# Required work
Every record below is to be copied exactly, with its images omitted.

[Stored items from a collection]
--*--
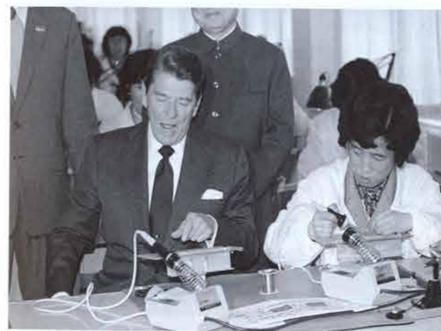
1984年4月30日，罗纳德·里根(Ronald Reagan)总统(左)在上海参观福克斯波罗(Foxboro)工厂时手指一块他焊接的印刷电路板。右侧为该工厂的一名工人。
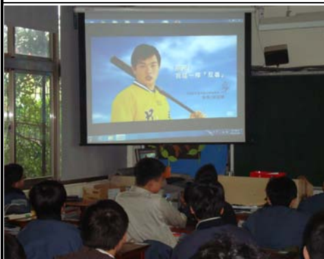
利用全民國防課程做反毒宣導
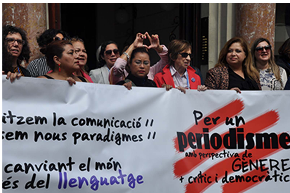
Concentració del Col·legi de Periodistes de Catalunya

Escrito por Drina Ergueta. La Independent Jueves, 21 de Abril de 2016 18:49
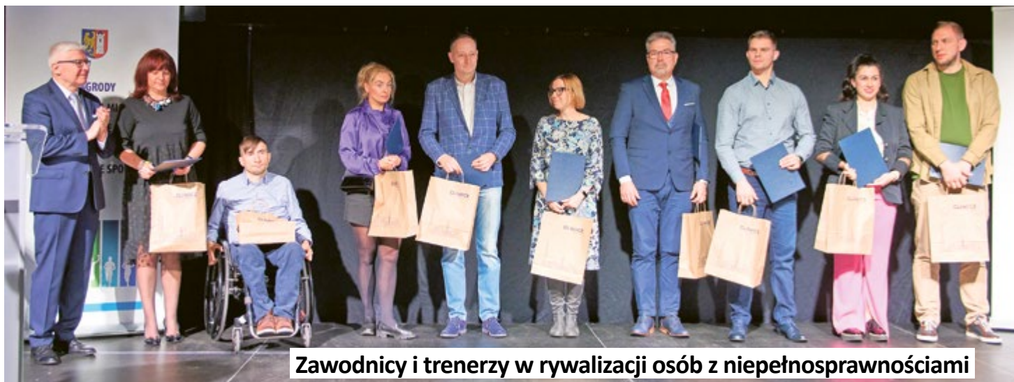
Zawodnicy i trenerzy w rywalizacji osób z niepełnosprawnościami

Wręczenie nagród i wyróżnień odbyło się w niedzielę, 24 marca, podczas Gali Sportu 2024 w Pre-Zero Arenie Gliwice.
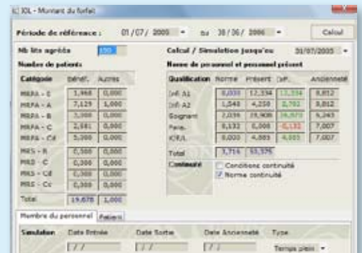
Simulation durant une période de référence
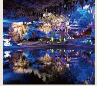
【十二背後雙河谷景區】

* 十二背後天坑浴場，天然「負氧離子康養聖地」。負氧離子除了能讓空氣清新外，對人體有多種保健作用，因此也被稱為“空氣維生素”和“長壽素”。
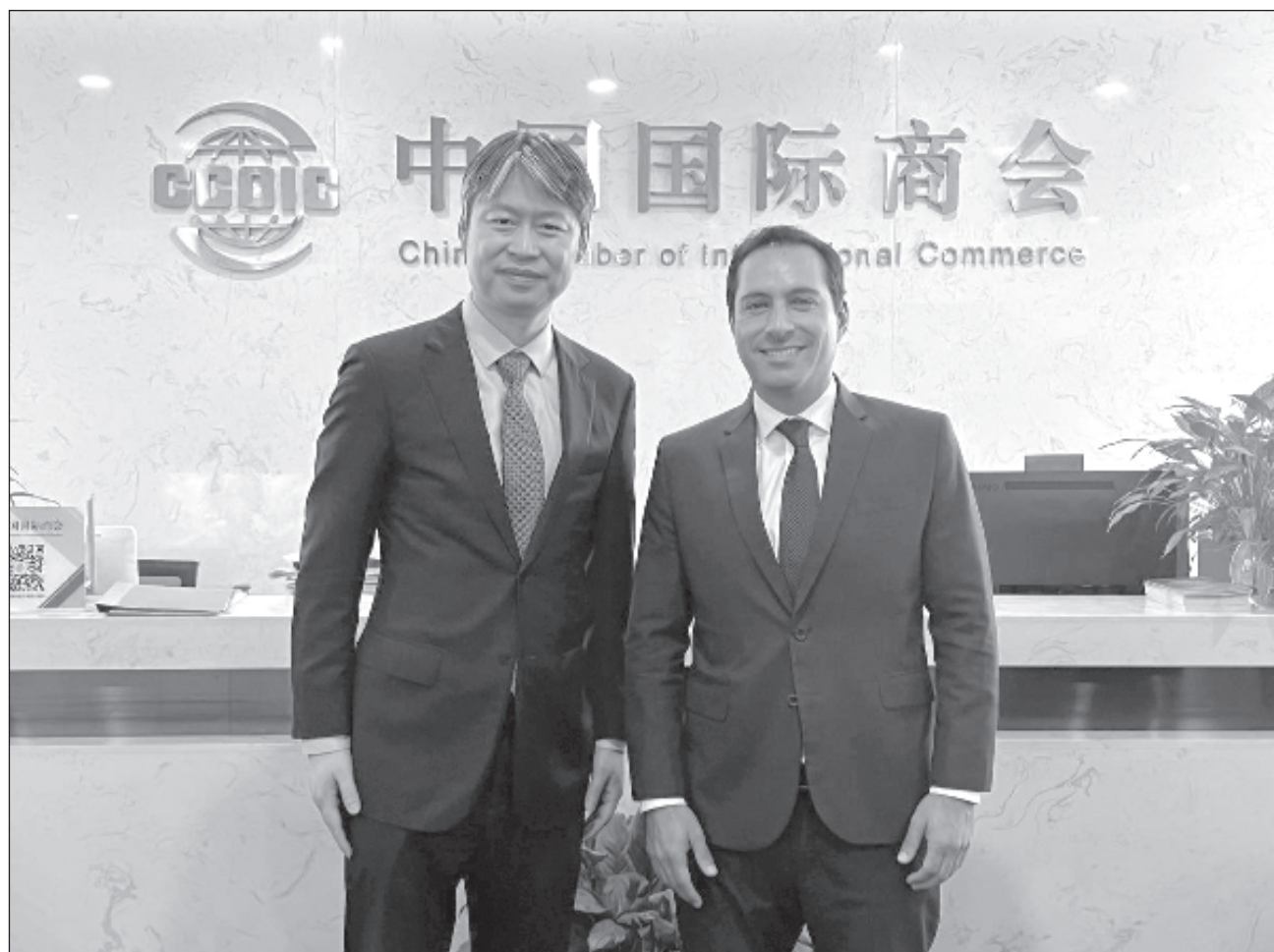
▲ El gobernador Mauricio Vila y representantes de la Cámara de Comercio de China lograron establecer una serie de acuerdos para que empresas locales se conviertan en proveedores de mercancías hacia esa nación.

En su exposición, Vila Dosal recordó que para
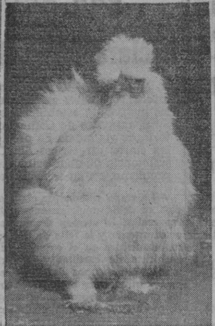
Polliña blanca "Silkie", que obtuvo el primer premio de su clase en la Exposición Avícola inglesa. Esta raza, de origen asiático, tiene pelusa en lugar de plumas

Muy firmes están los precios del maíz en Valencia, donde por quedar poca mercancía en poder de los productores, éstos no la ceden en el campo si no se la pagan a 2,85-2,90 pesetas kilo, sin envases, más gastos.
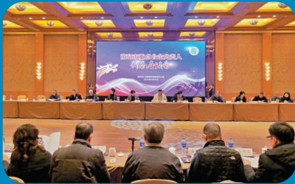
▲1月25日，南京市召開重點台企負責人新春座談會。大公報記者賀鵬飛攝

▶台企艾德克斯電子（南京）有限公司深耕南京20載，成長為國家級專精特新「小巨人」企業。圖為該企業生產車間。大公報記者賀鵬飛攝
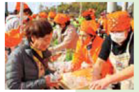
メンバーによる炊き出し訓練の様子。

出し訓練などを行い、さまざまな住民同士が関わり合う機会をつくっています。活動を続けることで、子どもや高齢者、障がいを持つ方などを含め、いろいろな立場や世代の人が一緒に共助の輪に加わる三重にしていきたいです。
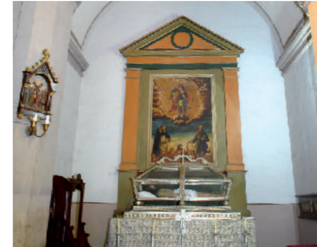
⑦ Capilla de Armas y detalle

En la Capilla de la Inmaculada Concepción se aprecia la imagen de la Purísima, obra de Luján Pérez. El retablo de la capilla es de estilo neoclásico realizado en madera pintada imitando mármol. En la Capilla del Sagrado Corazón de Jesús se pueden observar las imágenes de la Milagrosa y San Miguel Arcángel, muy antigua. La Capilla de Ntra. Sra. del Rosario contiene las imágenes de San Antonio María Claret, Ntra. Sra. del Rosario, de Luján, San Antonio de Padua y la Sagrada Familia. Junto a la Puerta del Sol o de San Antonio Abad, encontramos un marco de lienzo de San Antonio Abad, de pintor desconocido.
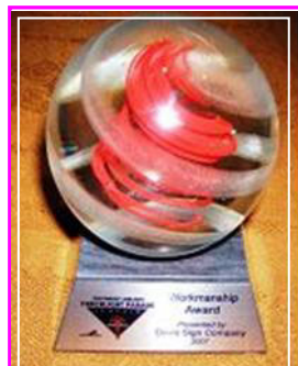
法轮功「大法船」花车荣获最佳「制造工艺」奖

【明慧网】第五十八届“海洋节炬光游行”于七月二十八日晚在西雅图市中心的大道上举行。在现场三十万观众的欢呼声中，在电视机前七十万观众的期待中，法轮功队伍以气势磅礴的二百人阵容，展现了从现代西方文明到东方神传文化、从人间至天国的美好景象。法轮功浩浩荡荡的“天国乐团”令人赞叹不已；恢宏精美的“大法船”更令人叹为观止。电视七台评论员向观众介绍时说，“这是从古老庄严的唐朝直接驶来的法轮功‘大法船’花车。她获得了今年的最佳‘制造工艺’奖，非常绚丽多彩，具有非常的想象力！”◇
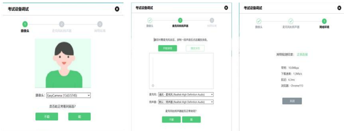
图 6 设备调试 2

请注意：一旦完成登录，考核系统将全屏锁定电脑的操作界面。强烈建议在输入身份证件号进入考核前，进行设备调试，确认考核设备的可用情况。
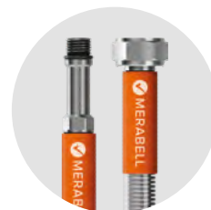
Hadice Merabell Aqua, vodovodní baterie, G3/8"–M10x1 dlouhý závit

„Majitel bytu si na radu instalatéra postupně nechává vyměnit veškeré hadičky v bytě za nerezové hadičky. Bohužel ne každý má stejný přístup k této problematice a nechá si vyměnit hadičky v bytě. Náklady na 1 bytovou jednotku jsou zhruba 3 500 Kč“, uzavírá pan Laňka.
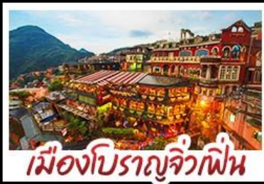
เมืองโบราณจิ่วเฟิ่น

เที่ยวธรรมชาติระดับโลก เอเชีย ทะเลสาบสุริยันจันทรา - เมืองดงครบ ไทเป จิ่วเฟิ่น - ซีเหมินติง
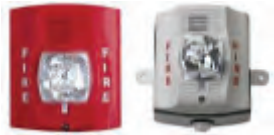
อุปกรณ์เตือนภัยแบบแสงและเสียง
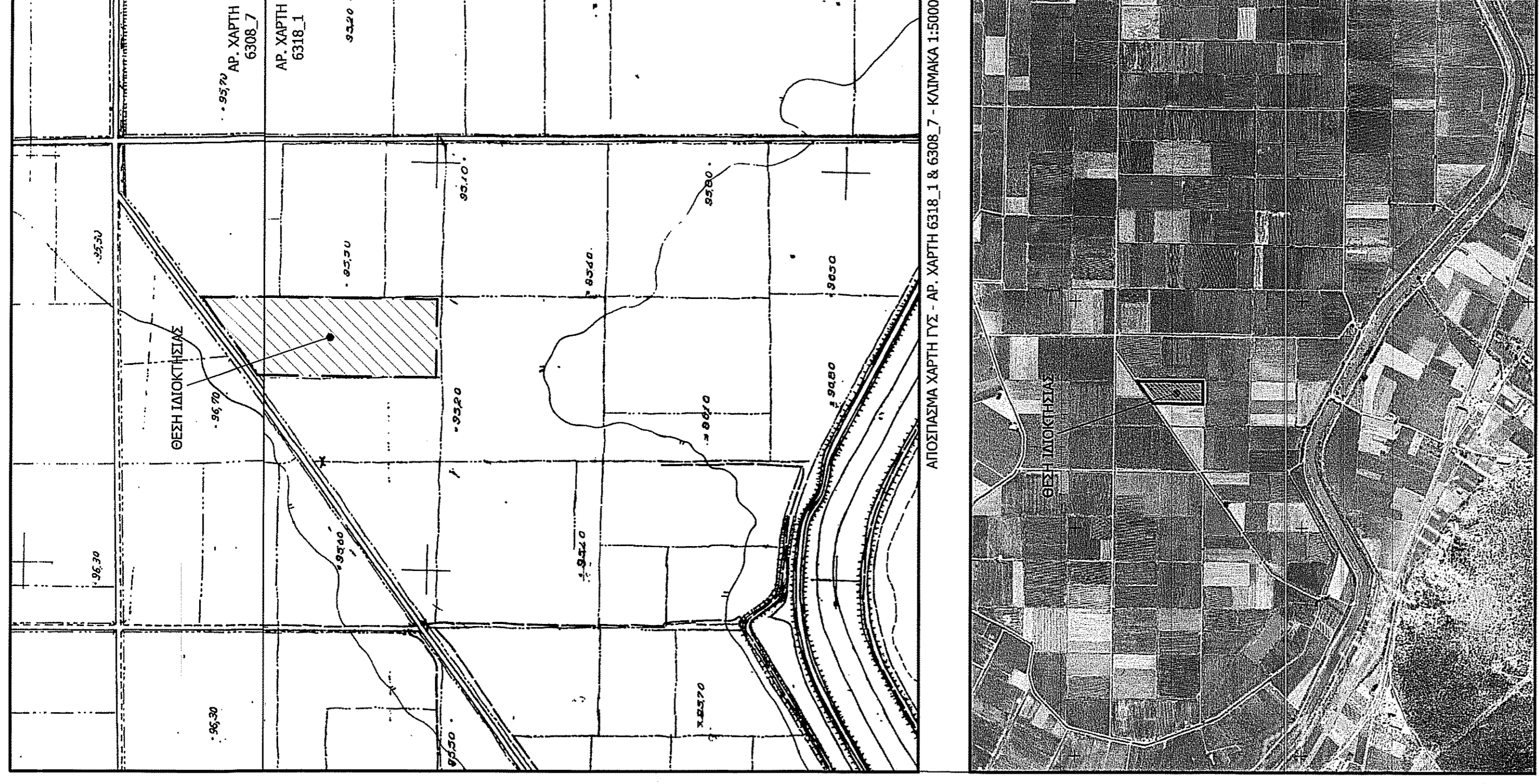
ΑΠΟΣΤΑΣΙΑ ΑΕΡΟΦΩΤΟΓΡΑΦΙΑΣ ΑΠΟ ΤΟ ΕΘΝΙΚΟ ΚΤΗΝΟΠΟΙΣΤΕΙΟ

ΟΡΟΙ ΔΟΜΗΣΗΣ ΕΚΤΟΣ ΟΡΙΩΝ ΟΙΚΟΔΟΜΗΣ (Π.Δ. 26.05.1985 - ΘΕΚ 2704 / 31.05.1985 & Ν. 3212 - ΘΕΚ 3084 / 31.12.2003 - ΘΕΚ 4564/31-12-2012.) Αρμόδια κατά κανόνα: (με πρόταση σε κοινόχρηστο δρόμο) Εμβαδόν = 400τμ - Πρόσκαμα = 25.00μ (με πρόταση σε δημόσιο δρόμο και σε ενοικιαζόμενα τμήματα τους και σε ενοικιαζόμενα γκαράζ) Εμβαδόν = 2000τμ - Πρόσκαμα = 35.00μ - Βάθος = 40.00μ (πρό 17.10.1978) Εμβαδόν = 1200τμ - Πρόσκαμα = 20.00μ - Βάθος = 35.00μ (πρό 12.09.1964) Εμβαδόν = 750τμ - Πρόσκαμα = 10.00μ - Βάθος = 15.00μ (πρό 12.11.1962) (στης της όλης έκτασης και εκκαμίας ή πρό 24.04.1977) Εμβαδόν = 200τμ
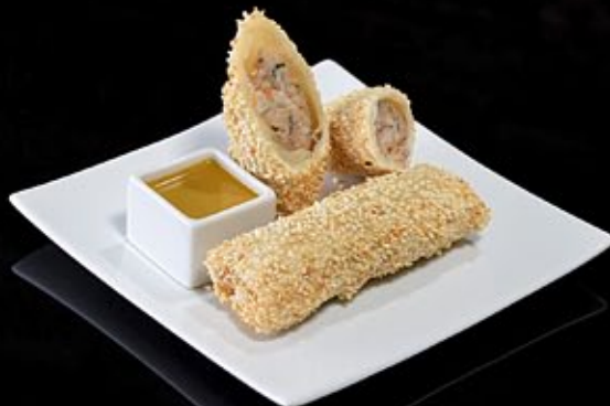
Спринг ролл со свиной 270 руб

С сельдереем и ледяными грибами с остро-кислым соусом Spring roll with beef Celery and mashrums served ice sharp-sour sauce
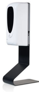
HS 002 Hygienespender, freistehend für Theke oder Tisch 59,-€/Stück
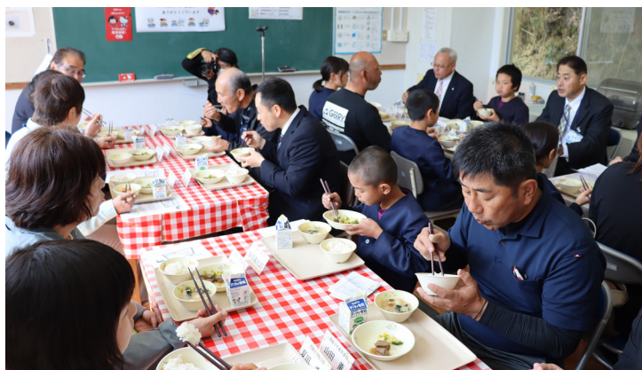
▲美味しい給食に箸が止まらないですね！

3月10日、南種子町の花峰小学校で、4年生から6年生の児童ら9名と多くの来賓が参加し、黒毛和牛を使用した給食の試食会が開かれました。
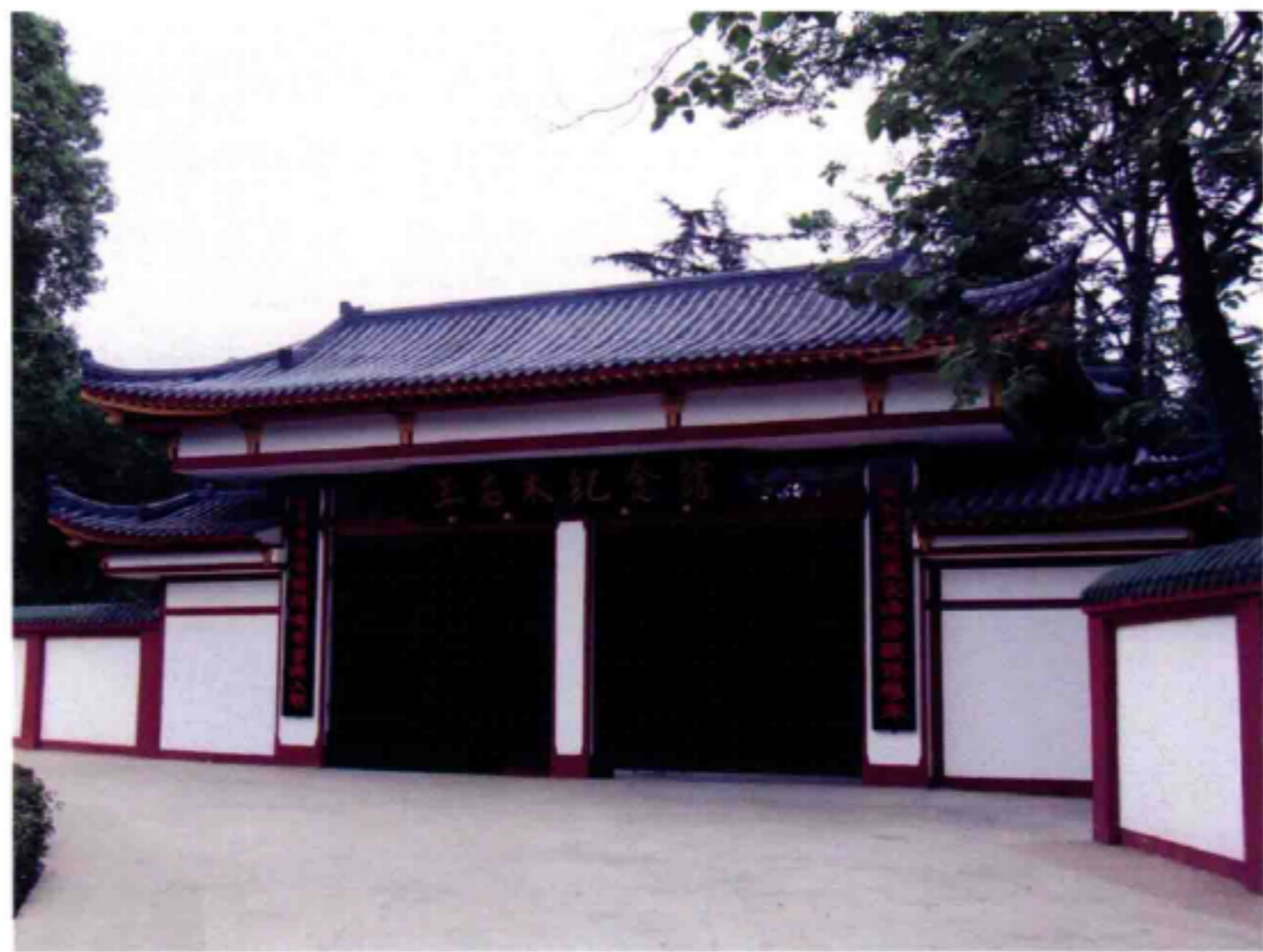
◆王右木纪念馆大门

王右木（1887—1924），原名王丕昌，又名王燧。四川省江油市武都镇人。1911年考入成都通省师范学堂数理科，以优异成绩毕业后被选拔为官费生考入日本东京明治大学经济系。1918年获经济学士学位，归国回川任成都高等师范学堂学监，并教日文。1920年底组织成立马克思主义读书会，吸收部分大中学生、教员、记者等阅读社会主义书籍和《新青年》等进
--*--
# Result below
1984年4月30日，罗纳德·里根(Ronald Reagan)总统(左)在上海参观福克斯波罗(Foxboro)工厂时手指一块他焊接的印刷电路板。右侧为该工厂的一名工人。
利用全民國防課程做反毒宣導
Concentració del Col·legi de Periodistes de Catalunya

Escrito por Drina Ergueta. La Independent Jueves, 21 de Abril de 2016 18:49
Zawodnicy i trenerzy w rywalizacji osób z niepełnosprawnościami

Wręczenie nagród i wyróżnień odbyło się w niedzielę, 24 marca, podczas Gali Sportu 2024 w Pre-Zero Arenie Gliwice.
Simulation durant une période de référence
【十二背後雙河谷景區】

* 十二背後天坑浴場，天然「負氧離子康養聖地」。負氧離子除了能讓空氣清新外，對人體有多種保健作用，因此也被稱為“空氣維生素”和“長壽素”。
▲ El gobernador Mauricio Vila y representantes de la Cámara de Comercio de China lograron establecer una serie de acuerdos para que empresas locales se conviertan en proveedores de mercancías hacia esa nación.

En su exposición, Vila Dosal recordó que para
Polliña blanca "Silkie", que obtuvo el primer premio de su clase en la Exposición Avícola inglesa. Esta raza, de origen asiático, tiene pelusa en lugar de plumas

Muy firmes están los precios del maíz en Valencia, donde por quedar poca mercancía en poder de los productores, éstos no la ceden en el campo si no se la pagan a 2,85-2,90 pesetas kilo, sin envases, más gastos.
▲1月25日，南京市召開重點台企負責人新春座談會。大公報記者賀鵬飛攝

▶台企艾德克斯電子（南京）有限公司深耕南京20載，成長為國家級專精特新「小巨人」企業。圖為該企業生產車間。大公報記者賀鵬飛攝
メンバーによる炊き出し訓練の様子。

出し訓練などを行い、さまざまな住民同士が関わり合う機会をつくっています。活動を続けることで、子どもや高齢者、障がいを持つ方などを含め、いろいろな立場や世代の人が一緒に共助の輪に加わる三重にしていきたいです。
⑦ Capilla de Armas y detalle

En la Capilla de la Inmaculada Concepción se aprecia la imagen de la Purísima, obra de Luján Pérez. El retablo de la capilla es de estilo neoclásico realizado en madera pintada imitando mármol. En la Capilla del Sagrado Corazón de Jesús se pueden observar las imágenes de la Milagrosa y San Miguel Arcángel, muy antigua. La Capilla de Ntra. Sra. del Rosario contiene las imágenes de San Antonio María Claret, Ntra. Sra. del Rosario, de Luján, San Antonio de Padua y la Sagrada Familia. Junto a la Puerta del Sol o de San Antonio Abad, encontramos un marco de lienzo de San Antonio Abad, de pintor desconocido.
法轮功「大法船」花车荣获最佳「制造工艺」奖

【明慧网】第五十八届“海洋节炬光游行”于七月二十八日晚在西雅图市中心的大道上举行。在现场三十万观众的欢呼声中，在电视机前七十万观众的期待中，法轮功队伍以气势磅礴的二百人阵容，展现了从现代西方文明到东方神传文化、从人间至天国的美好景象。法轮功浩浩荡荡的“天国乐团”令人赞叹不已；恢宏精美的“大法船”更令人叹为观止。电视七台评论员向观众介绍时说，“这是从古老庄严的唐朝直接驶来的法轮功‘大法船’花车。她获得了今年的最佳‘制造工艺’奖，非常绚丽多彩，具有非常的想象力！”◇
图 6 设备调试 2

请注意：一旦完成登录，考核系统将全屏锁定电脑的操作界面。强烈建议在输入身份证件号进入考核前，进行设备调试，确认考核设备的可用情况。
Hadice Merabell Aqua, vodovodní baterie, G3/8"–M10x1 dlouhý závit

„Majitel bytu si na radu instalatéra postupně nechává vyměnit veškeré hadičky v bytě za nerezové hadičky. Bohužel ne každý má stejný přístup k této problematice a nechá si vyměnit hadičky v bytě. Náklady na 1 bytovou jednotku jsou zhruba 3 500 Kč“, uzavírá pan Laňka.
เมืองโบราณจิ่วเฟิ่น

เที่ยวธรรมชาติระดับโลก เอเชีย ทะเลสาบสุริยันจันทรา - เมืองดงครบ ไทเป จิ่วเฟิ่น - ซีเหมินติง
อุปกรณ์เตือนภัยแบบแสงและเสียง
ΑΠΟΣΤΑΣΙΑ ΑΕΡΟΦΩΤΟΓΡΑΦΙΑΣ ΑΠΟ ΤΟ ΕΘΝΙΚΟ ΚΤΗΝΟΠΟΙΣΤΕΙΟ

ΟΡΟΙ ΔΟΜΗΣΗΣ ΕΚΤΟΣ ΟΡΙΩΝ ΟΙΚΟΔΟΜΗΣ (Π.Δ. 26.05.1985 - ΘΕΚ 2704 / 31.05.1985 & Ν. 3212 - ΘΕΚ 3084 / 31.12.2003 - ΘΕΚ 4564/31-12-2012.) Αρμόδια κατά κανόνα: (με πρόταση σε κοινόχρηστο δρόμο) Εμβαδόν = 400τμ - Πρόσκαμα = 25.00μ (με πρόταση σε δημόσιο δρόμο και σε ενοικιαζόμενα τμήματα τους και σε ενοικιαζόμενα γκαράζ) Εμβαδόν = 2000τμ - Πρόσκαμα = 35.00μ - Βάθος = 40.00μ (πρό 17.10.1978) Εμβαδόν = 1200τμ - Πρόσκαμα = 20.00μ - Βάθος = 35.00μ (πρό 12.09.1964) Εμβαδόν = 750τμ - Πρόσκαμα = 10.00μ - Βάθος = 15.00μ (πρό 12.11.1962) (στης της όλης έκτασης και εκκαμίας ή πρό 24.04.1977) Εμβαδόν = 200τμ
Спринг ролл со свиной 270 руб

С сельдереем и ледяными грибами с остро-кислым соусом Spring roll with beef Celery and mashrums served ice sharp-sour sauce
HS 002 Hygienespender, freistehend für Theke oder Tisch 59,-€/Stück
▲美味しい給食に箸が止まらないですね！

3月10日、南種子町の花峰小学校で、4年生から6年生の児童ら9名と多くの来賓が参加し、黒毛和牛を使用した給食の試食会が開かれました。
◆王右木纪念馆大门

王右木（1887—1924），原名王丕昌，又名王燧。四川省江油市武都镇人。1911年考入成都通省师范学堂数理科，以优异成绩毕业后被选拔为官费生考入日本东京明治大学经济系。1918年获经济学士学位，归国回川任成都高等师范学堂学监，并教日文。1920年底组织成立马克思主义读书会，吸收部分大中学生、教员、记者等阅读社会主义书籍和《新青年》等进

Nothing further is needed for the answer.